Thanks for the comprehensive reply. I still need to work through everything you posted. The clause conjunction idea is very interesting.

Hello

I would like to run some experiments on the Universal Sentence Encoder from Tensorflow Hub. I have managed to use it in Tensorflow but I would like to work with it in PyTorch. Would you have any idea on how I could do this? I think that I need to recreate the network architecture and load the trained weights manually but I don’t know how to do it in TF. If I manage to do it I will release it to the community as I think it could help people.

I would also like to point to the Semantic Textual Similarity Wiki (I don’t think it has been linked in this topic yet) that contains a lot of references on this subject.
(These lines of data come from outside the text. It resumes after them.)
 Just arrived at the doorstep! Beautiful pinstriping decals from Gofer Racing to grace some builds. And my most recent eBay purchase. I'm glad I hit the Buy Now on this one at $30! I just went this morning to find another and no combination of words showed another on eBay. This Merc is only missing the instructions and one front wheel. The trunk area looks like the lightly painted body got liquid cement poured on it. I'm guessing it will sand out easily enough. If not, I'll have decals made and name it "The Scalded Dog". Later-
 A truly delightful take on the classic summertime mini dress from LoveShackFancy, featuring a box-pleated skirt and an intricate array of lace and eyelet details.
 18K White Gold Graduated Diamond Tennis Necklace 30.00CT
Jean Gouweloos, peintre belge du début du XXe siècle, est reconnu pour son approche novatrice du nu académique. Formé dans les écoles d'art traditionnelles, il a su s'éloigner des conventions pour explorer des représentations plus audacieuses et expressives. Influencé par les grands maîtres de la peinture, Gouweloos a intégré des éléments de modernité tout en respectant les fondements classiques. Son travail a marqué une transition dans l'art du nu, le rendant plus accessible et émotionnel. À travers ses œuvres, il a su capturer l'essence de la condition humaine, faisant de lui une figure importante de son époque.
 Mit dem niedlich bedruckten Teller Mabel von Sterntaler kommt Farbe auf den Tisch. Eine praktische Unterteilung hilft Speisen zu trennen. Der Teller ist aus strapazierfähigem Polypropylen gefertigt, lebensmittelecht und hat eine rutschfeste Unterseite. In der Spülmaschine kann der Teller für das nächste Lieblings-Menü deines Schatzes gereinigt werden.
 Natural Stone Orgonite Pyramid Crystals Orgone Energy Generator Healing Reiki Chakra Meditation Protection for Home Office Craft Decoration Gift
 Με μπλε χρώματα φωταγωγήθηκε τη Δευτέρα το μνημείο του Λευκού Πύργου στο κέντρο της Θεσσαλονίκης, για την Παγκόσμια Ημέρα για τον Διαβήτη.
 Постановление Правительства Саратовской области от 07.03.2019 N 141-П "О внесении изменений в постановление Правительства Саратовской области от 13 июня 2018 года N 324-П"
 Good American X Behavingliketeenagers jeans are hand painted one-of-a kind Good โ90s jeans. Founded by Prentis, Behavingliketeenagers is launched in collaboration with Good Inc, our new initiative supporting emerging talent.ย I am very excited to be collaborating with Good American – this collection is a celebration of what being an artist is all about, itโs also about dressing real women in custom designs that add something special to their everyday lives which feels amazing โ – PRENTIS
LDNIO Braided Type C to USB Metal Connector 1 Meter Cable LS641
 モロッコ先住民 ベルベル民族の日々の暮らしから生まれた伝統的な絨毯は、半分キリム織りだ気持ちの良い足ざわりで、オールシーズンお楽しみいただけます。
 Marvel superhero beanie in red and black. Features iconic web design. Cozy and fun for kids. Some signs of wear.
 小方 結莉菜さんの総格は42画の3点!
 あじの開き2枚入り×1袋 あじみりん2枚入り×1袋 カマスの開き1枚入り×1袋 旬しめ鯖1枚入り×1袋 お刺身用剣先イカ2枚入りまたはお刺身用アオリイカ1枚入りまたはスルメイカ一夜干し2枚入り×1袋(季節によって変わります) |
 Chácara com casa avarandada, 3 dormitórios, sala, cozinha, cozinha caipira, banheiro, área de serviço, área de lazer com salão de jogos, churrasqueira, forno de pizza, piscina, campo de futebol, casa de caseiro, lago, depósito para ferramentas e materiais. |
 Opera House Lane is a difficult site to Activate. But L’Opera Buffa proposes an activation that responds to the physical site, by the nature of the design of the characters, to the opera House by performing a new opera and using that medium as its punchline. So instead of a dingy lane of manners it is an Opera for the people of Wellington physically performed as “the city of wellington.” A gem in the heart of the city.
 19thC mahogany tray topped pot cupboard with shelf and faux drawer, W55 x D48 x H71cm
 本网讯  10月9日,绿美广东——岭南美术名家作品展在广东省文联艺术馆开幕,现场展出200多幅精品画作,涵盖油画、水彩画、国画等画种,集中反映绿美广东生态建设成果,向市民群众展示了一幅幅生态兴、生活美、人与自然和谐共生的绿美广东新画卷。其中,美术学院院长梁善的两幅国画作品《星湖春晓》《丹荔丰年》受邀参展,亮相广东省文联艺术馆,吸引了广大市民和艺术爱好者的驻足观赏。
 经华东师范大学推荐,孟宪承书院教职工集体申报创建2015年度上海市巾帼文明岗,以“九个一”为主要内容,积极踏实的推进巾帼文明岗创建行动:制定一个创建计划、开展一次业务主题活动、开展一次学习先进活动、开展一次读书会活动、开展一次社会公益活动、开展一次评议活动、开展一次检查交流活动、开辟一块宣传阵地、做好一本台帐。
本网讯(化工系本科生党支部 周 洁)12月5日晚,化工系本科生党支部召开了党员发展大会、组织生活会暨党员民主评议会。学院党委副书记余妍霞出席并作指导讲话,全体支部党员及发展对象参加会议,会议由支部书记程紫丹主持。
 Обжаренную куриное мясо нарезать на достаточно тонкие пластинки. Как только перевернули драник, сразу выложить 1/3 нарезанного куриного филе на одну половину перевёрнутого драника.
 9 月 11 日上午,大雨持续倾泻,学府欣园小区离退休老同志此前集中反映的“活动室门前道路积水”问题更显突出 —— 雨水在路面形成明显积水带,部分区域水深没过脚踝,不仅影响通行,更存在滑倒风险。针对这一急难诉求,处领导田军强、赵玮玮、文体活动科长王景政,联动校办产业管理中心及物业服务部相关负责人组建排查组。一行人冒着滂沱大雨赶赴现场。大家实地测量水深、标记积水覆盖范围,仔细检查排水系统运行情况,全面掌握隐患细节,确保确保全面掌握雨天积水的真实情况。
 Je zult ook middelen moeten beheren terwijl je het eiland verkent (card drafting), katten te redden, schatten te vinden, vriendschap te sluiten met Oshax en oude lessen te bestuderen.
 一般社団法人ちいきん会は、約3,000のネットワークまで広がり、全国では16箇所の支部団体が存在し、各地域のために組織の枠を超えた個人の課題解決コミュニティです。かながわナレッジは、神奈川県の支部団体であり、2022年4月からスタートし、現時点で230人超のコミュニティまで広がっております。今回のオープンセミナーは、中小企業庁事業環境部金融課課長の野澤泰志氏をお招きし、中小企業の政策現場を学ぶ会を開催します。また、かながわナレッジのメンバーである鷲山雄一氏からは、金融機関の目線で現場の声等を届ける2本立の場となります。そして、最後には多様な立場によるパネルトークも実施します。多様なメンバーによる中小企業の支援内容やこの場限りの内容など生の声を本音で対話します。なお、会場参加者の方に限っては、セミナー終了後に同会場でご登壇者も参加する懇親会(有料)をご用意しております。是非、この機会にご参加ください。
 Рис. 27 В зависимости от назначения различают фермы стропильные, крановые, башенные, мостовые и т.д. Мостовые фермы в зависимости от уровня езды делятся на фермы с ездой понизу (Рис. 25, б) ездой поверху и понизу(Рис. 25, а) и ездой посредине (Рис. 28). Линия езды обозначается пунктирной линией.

Regarding the Word Mover’s Distance, the results shown at http://nlp.town/blog/sentence-similarity/ are not very encouraging

Based on our results, there’s little reason to use Word Mover’s Distance rather than simple word2vec averages. Only on STS-TEST, and only in combination with a stoplist, can WMD compete with the simpler baselines.

Here’s a fairly recent overview comparing different approaches: https://arxiv.org/abs/1806.06259 . State-of-the-art results were achieved with

ULMFiT (@sebastianruder ) was mentioned but not included in the comparison. Would be great to see how it performs. Anybody interested in hooking up ULMFiT to SentEval (https://github.com/facebookresearch/SentEval) so we can get those comparisons?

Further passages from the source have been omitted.